# Input for this task

★ ★ ★ ★

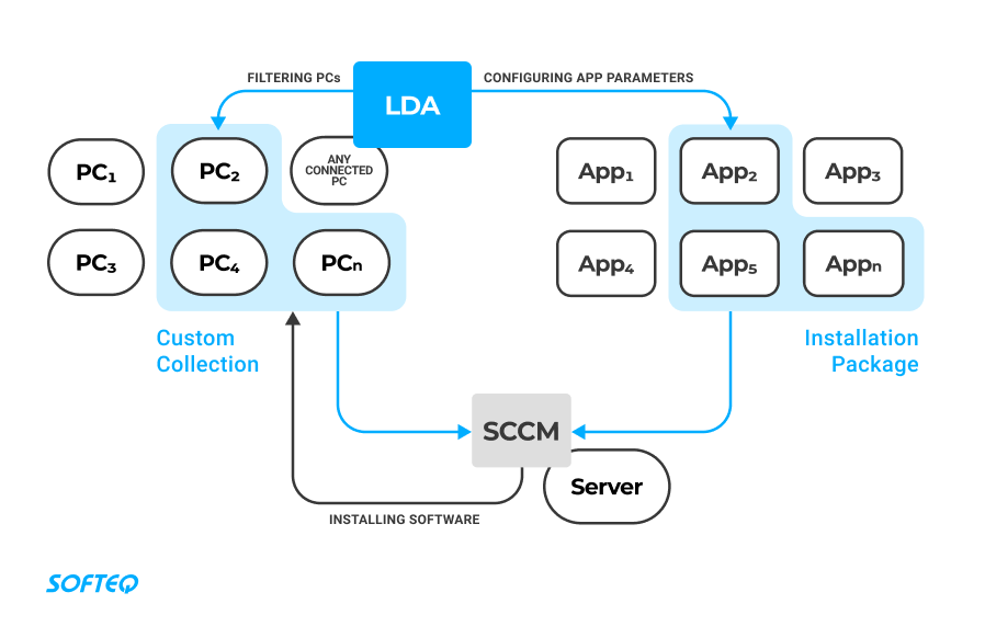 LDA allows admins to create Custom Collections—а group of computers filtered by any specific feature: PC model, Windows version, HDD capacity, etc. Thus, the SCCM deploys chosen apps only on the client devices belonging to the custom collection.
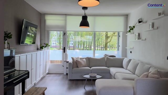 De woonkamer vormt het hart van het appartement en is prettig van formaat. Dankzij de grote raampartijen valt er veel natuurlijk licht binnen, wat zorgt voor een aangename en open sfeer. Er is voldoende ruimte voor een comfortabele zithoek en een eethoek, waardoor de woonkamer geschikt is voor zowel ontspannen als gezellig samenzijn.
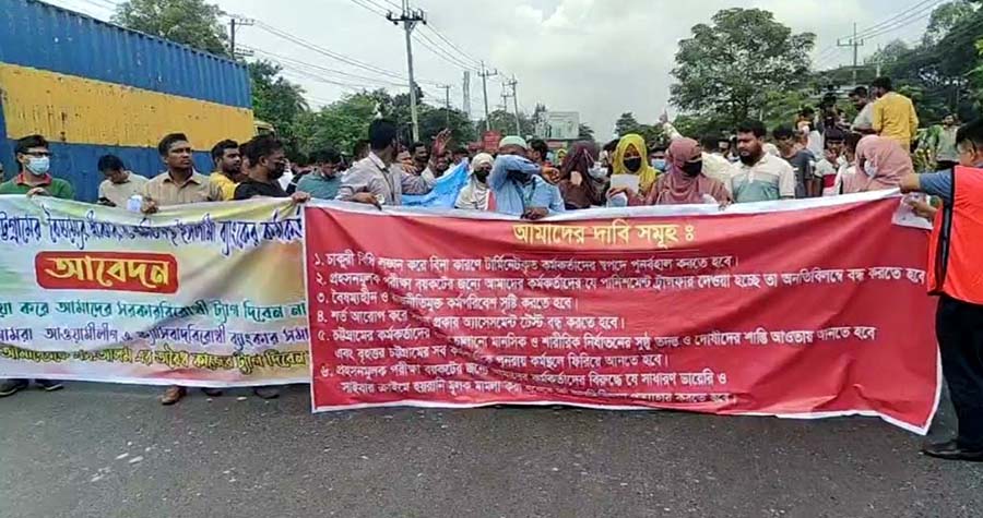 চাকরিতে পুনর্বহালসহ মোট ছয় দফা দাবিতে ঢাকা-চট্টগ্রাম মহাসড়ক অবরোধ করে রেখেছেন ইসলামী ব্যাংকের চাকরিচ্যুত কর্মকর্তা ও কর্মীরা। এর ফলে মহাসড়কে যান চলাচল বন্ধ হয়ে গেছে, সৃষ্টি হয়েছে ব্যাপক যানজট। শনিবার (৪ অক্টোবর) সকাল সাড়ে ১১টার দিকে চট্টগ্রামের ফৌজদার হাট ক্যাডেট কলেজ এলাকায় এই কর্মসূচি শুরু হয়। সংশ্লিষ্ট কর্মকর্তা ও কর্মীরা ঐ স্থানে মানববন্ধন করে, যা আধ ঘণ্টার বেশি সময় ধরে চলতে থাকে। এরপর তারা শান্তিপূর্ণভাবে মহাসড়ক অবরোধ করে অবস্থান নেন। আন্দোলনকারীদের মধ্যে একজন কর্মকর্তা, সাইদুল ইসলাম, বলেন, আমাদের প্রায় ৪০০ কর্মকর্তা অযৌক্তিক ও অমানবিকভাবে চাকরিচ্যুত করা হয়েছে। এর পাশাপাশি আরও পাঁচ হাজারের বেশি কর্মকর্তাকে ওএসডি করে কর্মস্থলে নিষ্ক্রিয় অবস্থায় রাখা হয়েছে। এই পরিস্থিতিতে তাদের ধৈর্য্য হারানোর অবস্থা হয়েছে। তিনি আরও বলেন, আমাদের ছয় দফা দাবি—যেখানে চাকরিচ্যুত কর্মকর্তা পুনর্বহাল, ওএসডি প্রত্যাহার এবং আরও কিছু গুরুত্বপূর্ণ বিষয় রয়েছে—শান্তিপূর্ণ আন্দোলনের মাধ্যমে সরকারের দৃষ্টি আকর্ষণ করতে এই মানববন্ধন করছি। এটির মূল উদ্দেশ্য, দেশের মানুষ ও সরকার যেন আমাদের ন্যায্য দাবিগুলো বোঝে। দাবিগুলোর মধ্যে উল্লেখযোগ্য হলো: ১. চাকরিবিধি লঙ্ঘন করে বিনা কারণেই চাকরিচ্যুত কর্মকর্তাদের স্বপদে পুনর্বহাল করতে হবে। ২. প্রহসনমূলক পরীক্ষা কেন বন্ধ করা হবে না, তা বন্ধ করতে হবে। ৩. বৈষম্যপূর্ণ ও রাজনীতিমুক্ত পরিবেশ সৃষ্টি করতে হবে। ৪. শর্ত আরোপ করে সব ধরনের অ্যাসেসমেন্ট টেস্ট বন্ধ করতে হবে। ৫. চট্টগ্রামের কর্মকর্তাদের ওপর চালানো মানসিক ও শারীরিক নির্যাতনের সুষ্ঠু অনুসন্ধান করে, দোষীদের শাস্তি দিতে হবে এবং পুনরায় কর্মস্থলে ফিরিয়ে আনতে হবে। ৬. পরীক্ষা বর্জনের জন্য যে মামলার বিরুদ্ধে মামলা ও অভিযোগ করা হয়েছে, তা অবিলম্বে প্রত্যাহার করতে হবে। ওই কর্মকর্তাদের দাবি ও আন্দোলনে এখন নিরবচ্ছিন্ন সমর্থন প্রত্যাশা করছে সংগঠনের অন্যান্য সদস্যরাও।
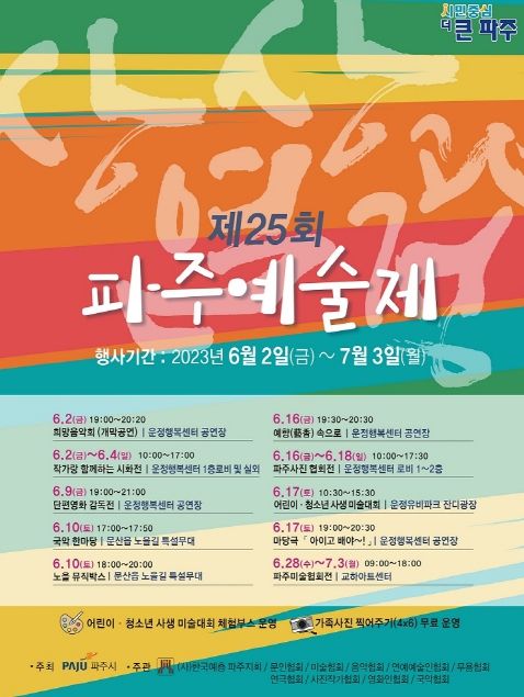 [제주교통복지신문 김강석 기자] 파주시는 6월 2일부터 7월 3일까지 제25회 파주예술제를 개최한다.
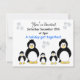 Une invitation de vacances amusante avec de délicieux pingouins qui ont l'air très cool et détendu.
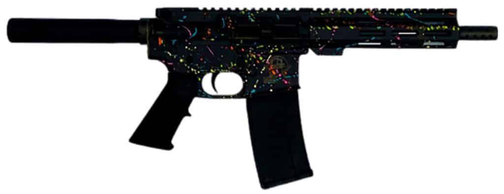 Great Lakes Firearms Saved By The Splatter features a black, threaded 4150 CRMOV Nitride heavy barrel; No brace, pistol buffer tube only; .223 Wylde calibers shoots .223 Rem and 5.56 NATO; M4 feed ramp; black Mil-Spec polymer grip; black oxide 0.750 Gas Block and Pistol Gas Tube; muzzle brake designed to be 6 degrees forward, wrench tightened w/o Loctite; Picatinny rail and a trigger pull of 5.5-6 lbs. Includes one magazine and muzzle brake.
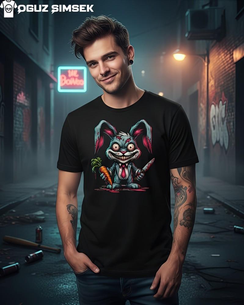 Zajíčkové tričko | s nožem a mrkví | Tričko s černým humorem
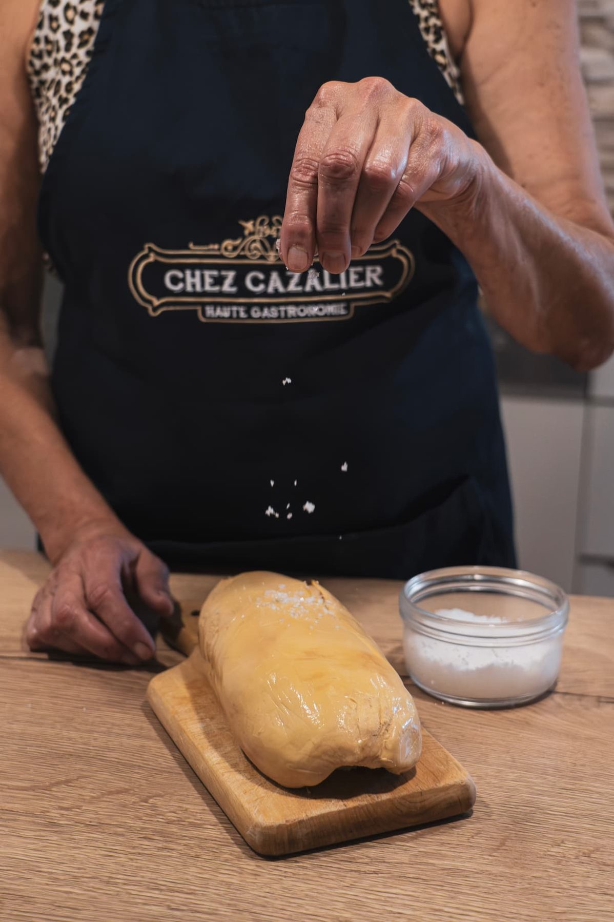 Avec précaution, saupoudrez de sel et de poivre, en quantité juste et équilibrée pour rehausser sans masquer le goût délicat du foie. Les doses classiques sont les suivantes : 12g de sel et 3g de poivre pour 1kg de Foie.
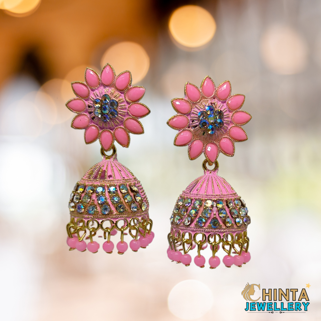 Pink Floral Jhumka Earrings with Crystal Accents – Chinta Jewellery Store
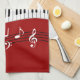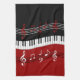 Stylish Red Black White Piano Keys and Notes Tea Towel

★ ★ ★ ★

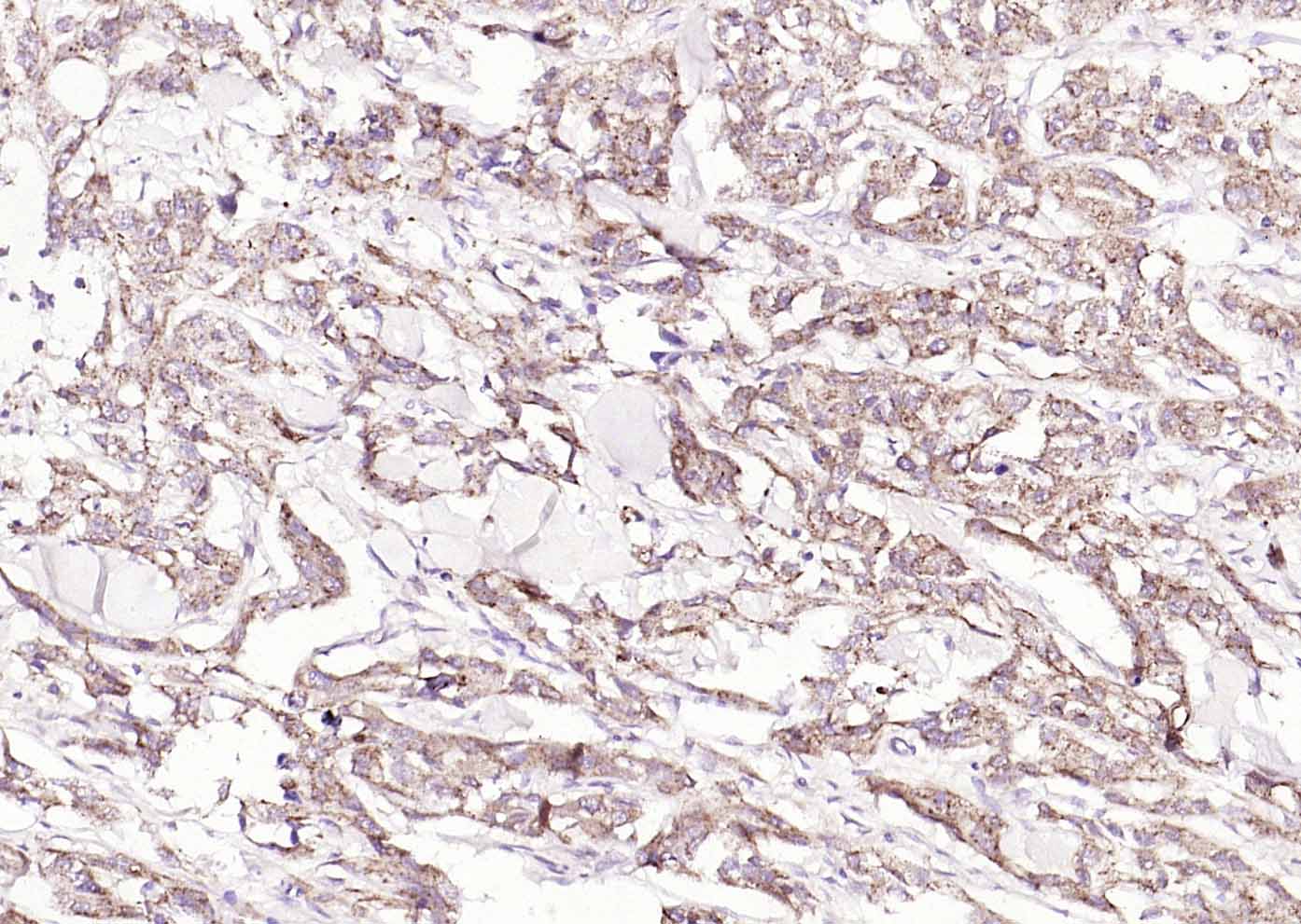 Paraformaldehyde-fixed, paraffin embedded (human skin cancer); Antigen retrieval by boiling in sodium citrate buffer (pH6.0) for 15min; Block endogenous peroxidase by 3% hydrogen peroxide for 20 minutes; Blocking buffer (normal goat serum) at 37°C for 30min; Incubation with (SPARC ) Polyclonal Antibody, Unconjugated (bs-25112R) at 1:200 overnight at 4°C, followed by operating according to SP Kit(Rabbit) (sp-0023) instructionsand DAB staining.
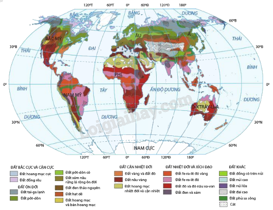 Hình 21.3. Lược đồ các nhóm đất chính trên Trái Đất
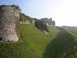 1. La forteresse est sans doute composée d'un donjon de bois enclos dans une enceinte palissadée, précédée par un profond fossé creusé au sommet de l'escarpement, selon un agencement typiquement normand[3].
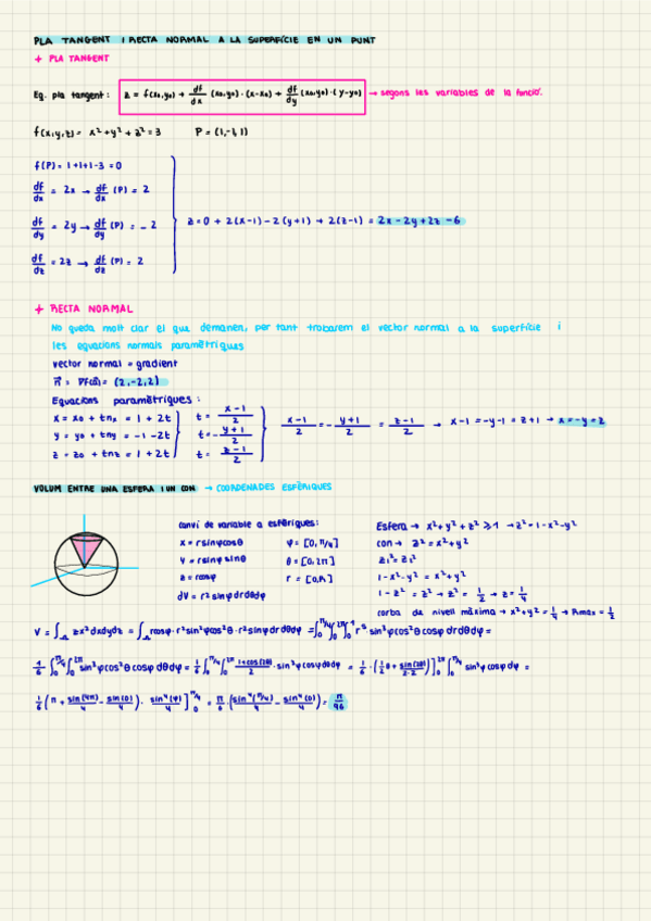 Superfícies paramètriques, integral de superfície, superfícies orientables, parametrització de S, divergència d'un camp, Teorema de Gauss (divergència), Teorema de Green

★ ★ ★ ★

# What to do
All that should be printed is the run of lines above from the one with "1. La forteresse" through the one with "Superfícies paramètriques, integral", both included, exactly as given, with pictures left out.

# Answer space
 1. La forteresse est sans doute composée d'un donjon de bois enclos dans une enceinte palissadée, précédée par un profond fossé creusé au sommet de l'escarpement, selon un agencement typiquement normand[3].
 Superfícies paramètriques, integral de superfície, superfícies orientables, parametrització de S, divergència d'un camp, Teorema de Gauss (divergència), Teorema de Green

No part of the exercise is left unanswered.